*** MATERIAL SHOWN Section Begins ***

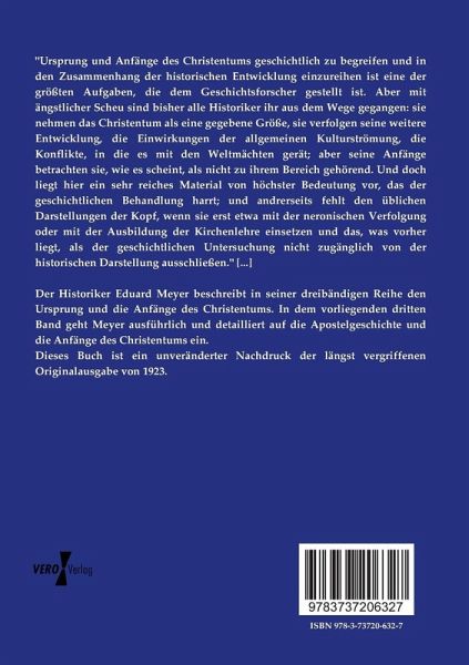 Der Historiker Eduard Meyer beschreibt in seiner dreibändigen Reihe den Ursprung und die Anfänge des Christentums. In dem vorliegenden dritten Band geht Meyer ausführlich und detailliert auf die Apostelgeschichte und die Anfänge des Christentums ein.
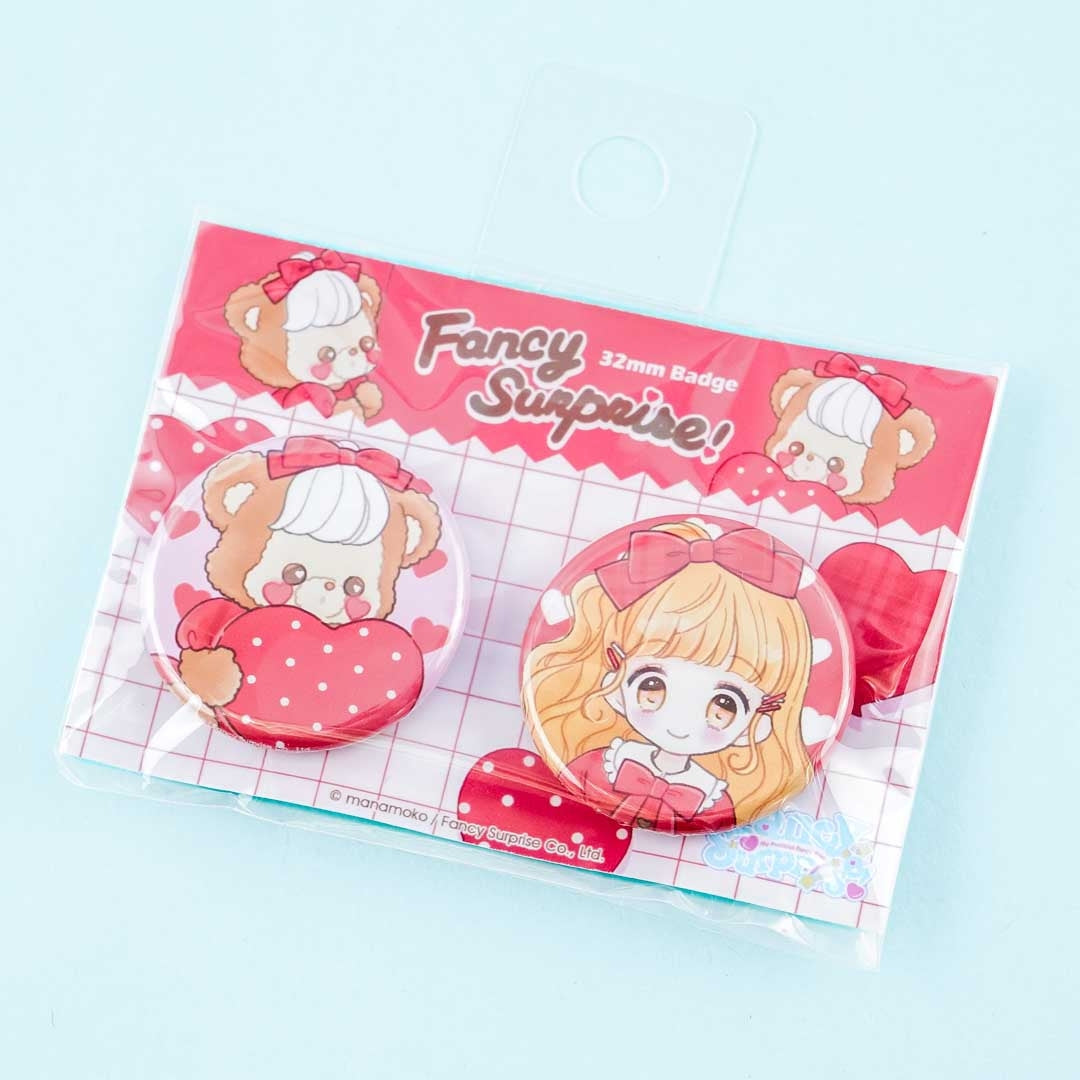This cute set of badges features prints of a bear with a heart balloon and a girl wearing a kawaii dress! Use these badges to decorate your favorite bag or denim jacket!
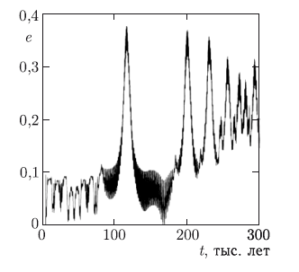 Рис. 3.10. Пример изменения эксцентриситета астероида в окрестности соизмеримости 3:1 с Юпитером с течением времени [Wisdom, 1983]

*** MATERIAL SHOWN Section Ends ***
*** MATERIAL SHOWN Section Begins ***

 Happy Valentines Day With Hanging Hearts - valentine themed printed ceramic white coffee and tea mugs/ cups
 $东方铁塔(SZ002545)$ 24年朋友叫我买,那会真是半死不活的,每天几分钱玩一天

*** MATERIAL SHOWN Section Ends ***
*** MATERIAL SHOWN Section Begins ***

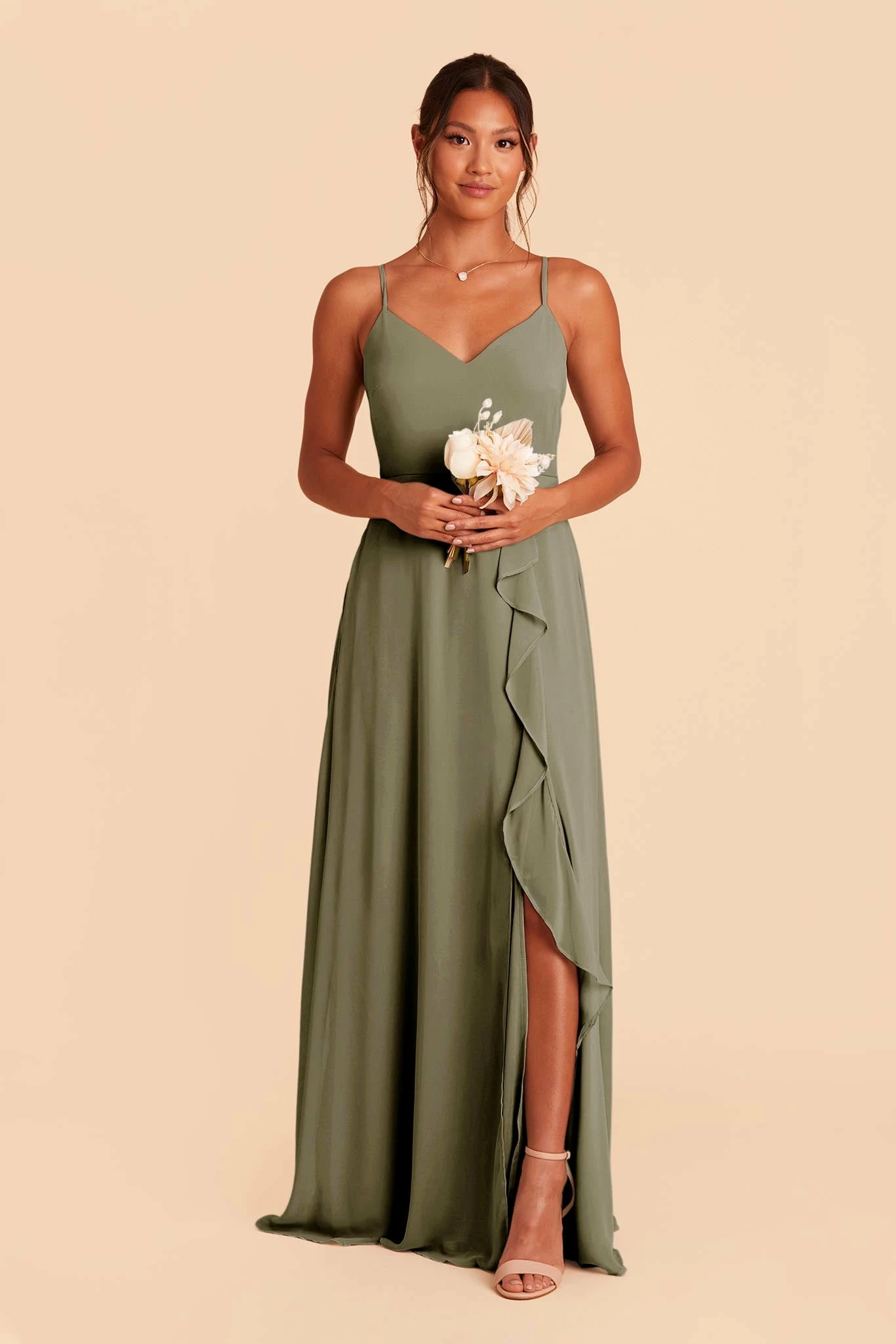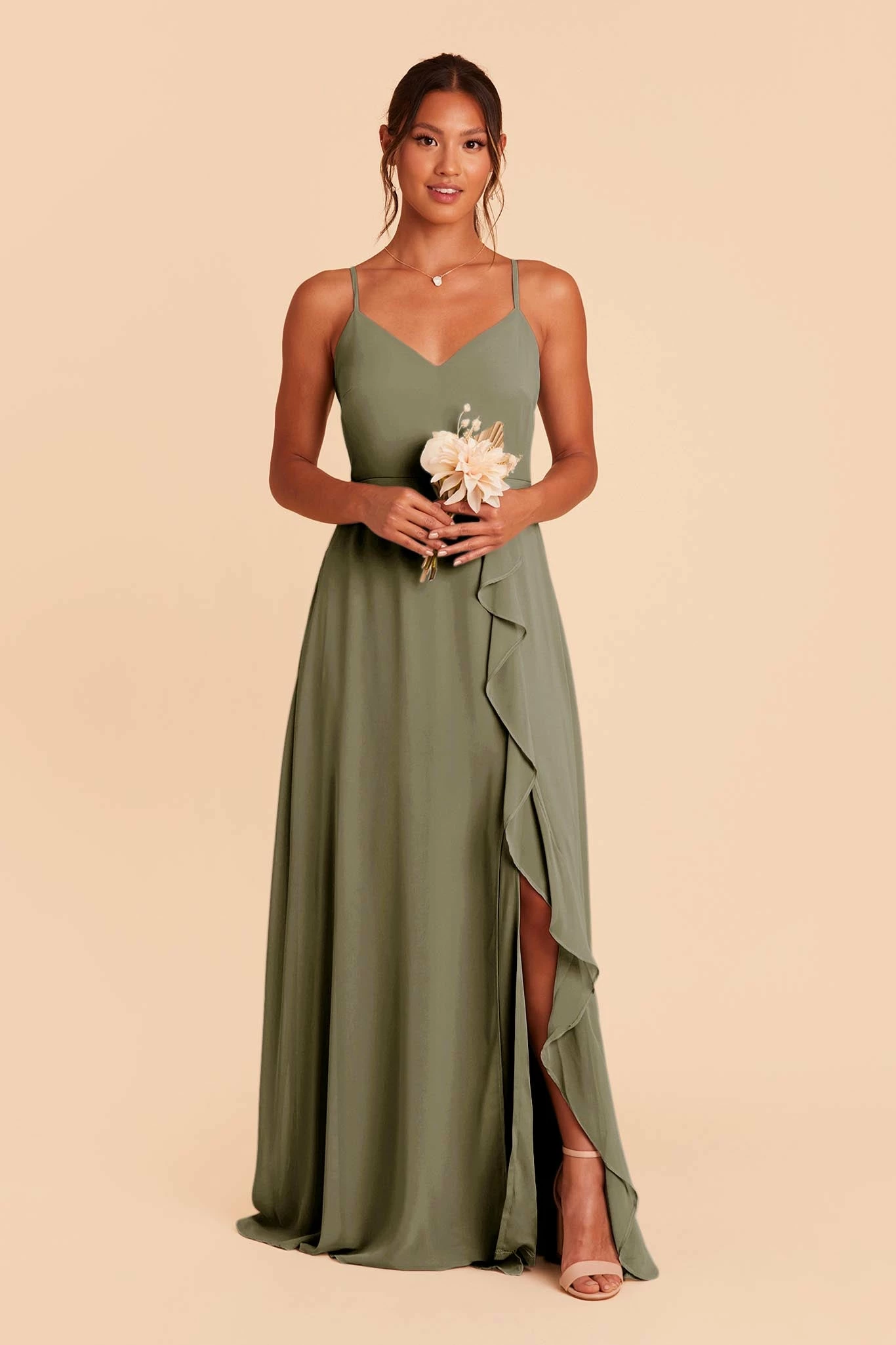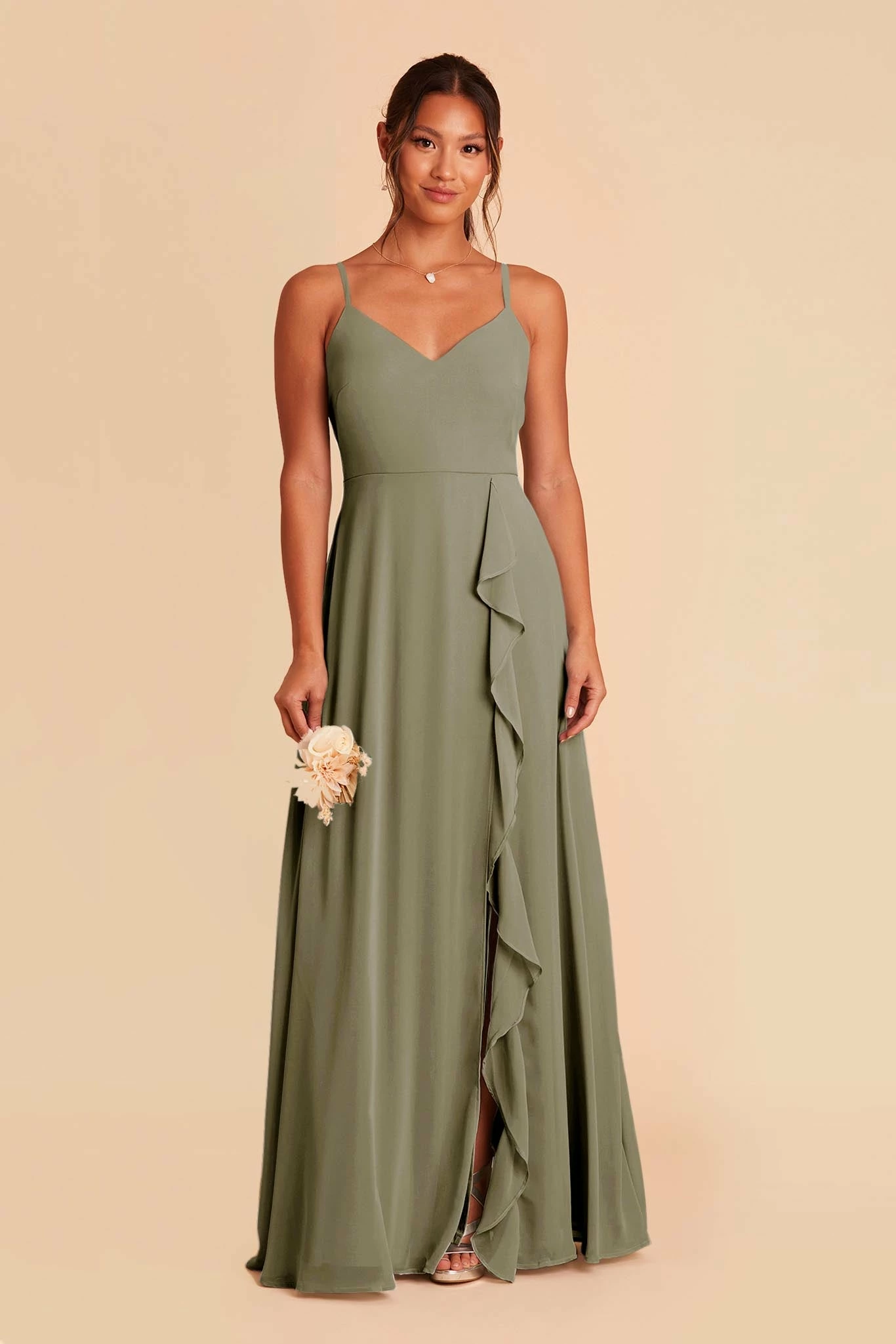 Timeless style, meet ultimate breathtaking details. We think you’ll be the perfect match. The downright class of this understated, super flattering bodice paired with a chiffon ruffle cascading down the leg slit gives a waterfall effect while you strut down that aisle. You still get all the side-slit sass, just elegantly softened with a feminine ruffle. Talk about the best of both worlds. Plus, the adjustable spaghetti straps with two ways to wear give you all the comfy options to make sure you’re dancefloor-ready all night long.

*** MATERIAL SHOWN Section Ends ***

» INSTRUCTIONS FOR THE TASK
Starting at the line above that contains "Der Historiker Eduard", transcribe every line exactly through the line that contains "Рис. 3.10. Пример", including that last one, and skip the pictures.

» COMPLETED EXERCISE
 Der Historiker Eduard Meyer beschreibt in seiner dreibändigen Reihe den Ursprung und die Anfänge des Christentums. In dem vorliegenden dritten Band geht Meyer ausführlich und detailliert auf die Apostelgeschichte und die Anfänge des Christentums ein.
This cute set of badges features prints of a bear with a heart balloon and a girl wearing a kawaii dress! Use these badges to decorate your favorite bag or denim jacket!
 Рис. 3.10. Пример изменения эксцентриситета астероида в окрестности соизмеримости 3:1 с Юпитером с течением времени [Wisdom, 1983]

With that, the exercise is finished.